What EU green wipeout means for climate

Collectively, the green parties across the EU have suffered the biggest loses in the recent European Parliament elections as the political pendulum swings to the right.

What this may mean for existing climate targets is unclear, but what is clear is that there are unlikely to be many new targets or tightening of these as ‘left’ centralist parties seek to minimise the damage caused by policies that the ‘right’ centralists have exploited as harmful to the cost of living.

France, Germany and Italy are among the major economies where climate goals, inflation, immigration and financial insecurity have left census on climate, Ukraine and further integration in pieces.

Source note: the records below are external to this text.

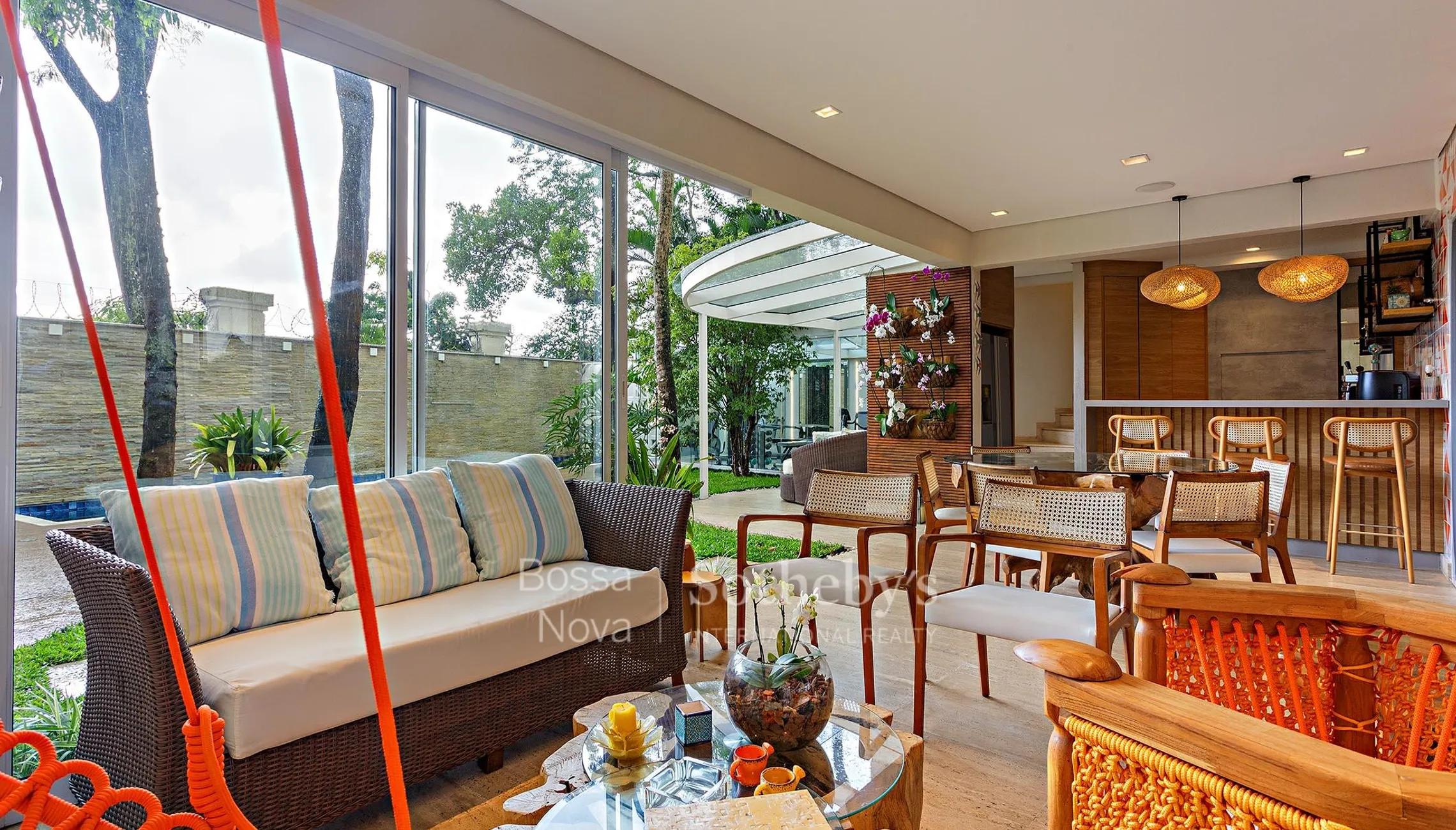 Residência impecavelmente planejada em condomínio com segurança especializada, localizada nas imediações dos colégios mais renomados da região. Totalmente reformada, conta com acabamentos de alta qualidade e um projeto que combina conforto, sofisticação e funcionalidade. A marcenaria sob medida e o ar-condicionado presente na maioria dos ambientes reforçam o cuidado com cada detalhe. A área social oferece três salas de TV, sala de almoço e living para três ambientes com lareira, todos voltados para o verde. A sala de estar se conecta à área externa, que contempla piscina aquecida, espaço fitness com equipamentos de última geração (que permanecem na venda), sauna e adega. A cozinha possui armários Ornare e acesso direto à dependência de funcionária, com entrada independente. A área íntima é composta por três suítes, sendo uma delas com acesso a um sótão espaçoso. A suíte principal impressiona com dois closets, dois banheiros, escritório e um amplo spa envidraçado com hidromassagem e vista deslumbrante para a natureza. A casa será vendida com diversos móveis de grife, reforçando o padrão elevado de acabamento e decoração.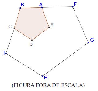 As redes sociais também representam oportunidades para vários negócios. Luísa recorreu a uma dessas redes e encontrou anúncios de terrenos. Em um deles, dois terrenos semelhantes ABCDE e BFGHI são tais que a área do maior é o quádruplo da área do menor. Sabe-se, ainda, que AE//FG; DE//GH e CD//HI.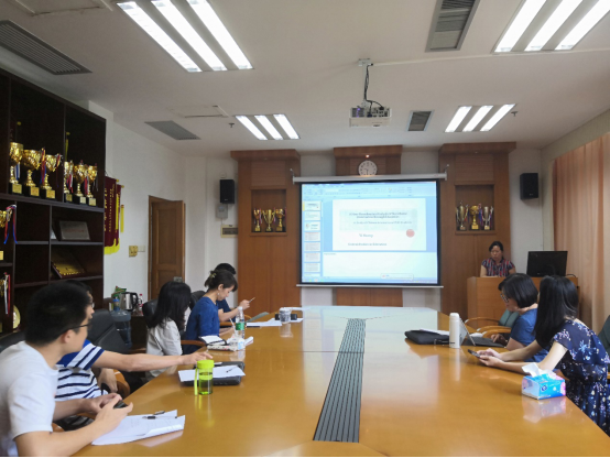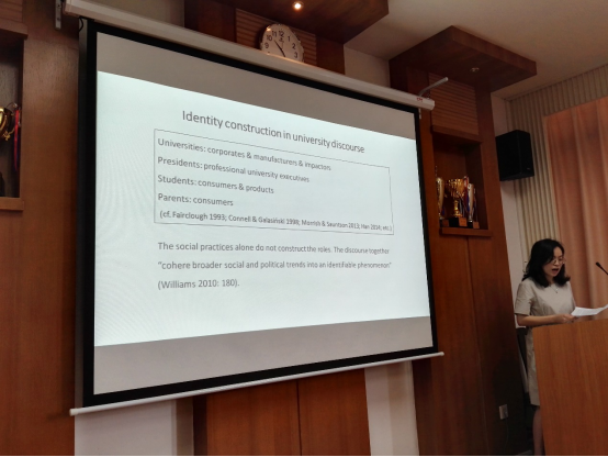 在第三讲中,邓谊以“Marketizing Academic Staff in Hong Kong Higher Education: A Diachronic Visual Analysis ”为题做了汇报。该研究融合了多模态分析与批判话语分析作为理论框架,对香港著名高校的年报里所用的图片进行了细致归类和历时分析,进一步围绕图像中如何构建了人际亲密度、研究者身份、学科内容与价值偏向等进行了探讨。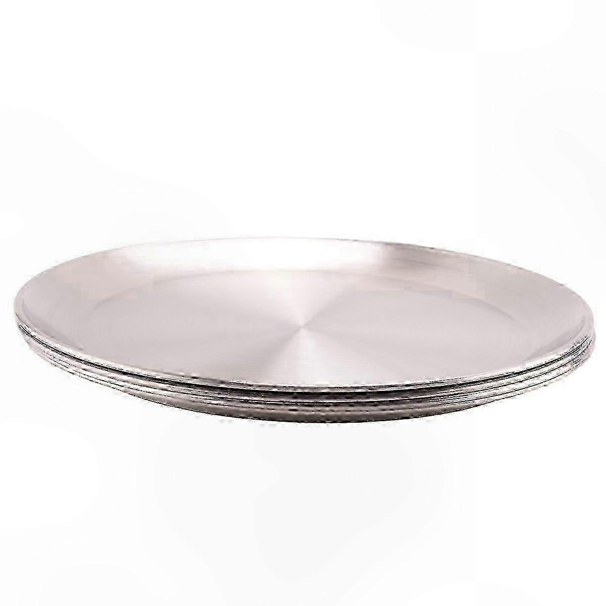 STAINLESS STEEL: Pizza dough tray made of high-quality stainless steel. No metal taste or harmful substances transferred to your dough. 100% healthy and rust-resistant, designed to withstand regular cooking use. A safe alternative to non-stick aluminum pizza pans. ROBUST STRUCTURE: Heavy-gauge metal construction resists warping or deformation under high heat. Smooth rolled edges for comfortable handling. Promotes even heat distribution for crisp, golden-brown pizzas. EXQUISITE CRAFT: Superior brushed finish stays shiny and is easy to clean. Lightly grease the trays for easier release. Dishwasher safe. Gently sloped edge helps prevent toppings from spilling over. 4 PIECES IN ONE SET: Stackable design saves storage space. Set of 4 allows you to prepare multiple homemade or store-bought pizzas at once, ideal for holidays, parties, gatherings, catering, or afternoon tea. Great gift for weddings or housewarming. HIGH PERFORMANCE: Suitable not only for pizzas but also for baking or roasting pies, chips, fish, bread rolls, focaccia, and sausages. Can also be used as serving platters, dinner plates, grilling pans, or trays for warming leftovers. Color: Silver Material: Stainless steel Size: Diameter 30 cm Package Contents: 4 x Pizza pan Note: Light and display settings may cause slight color variation between the image and the actual item. Measurement may vary by +/- 1-3 cm.

In Germany Olaf Scholz's Social Democrats were heavily defeated and he has faced calls to resign, but he has ruled out holding early elections. France is preparing for a snap election after President Emmanuel Macron dissolved parliament in response to a significant move by voters to the National Rally. Italy, of course, already has a right of centre government, but it too benefitted.

The European Parliament election results are meant to have no effect on national governments, but they do, in the same way local elections are used to send messages and judge public mood.

And it must be remembered that this is politics, and although some left and central left parties hope to form alliances and deals to maintain some grip on power, the mood of the voters will not be ignored, both across the bloc and nationally. Even as these parties spin the elections in ways only politicians can.

Perhaps he most telling result was success for the new Motorists party, campaigning against the EU’s Green Deal on measures on climate change and sustainability. A foretaste of things to come across the Channel?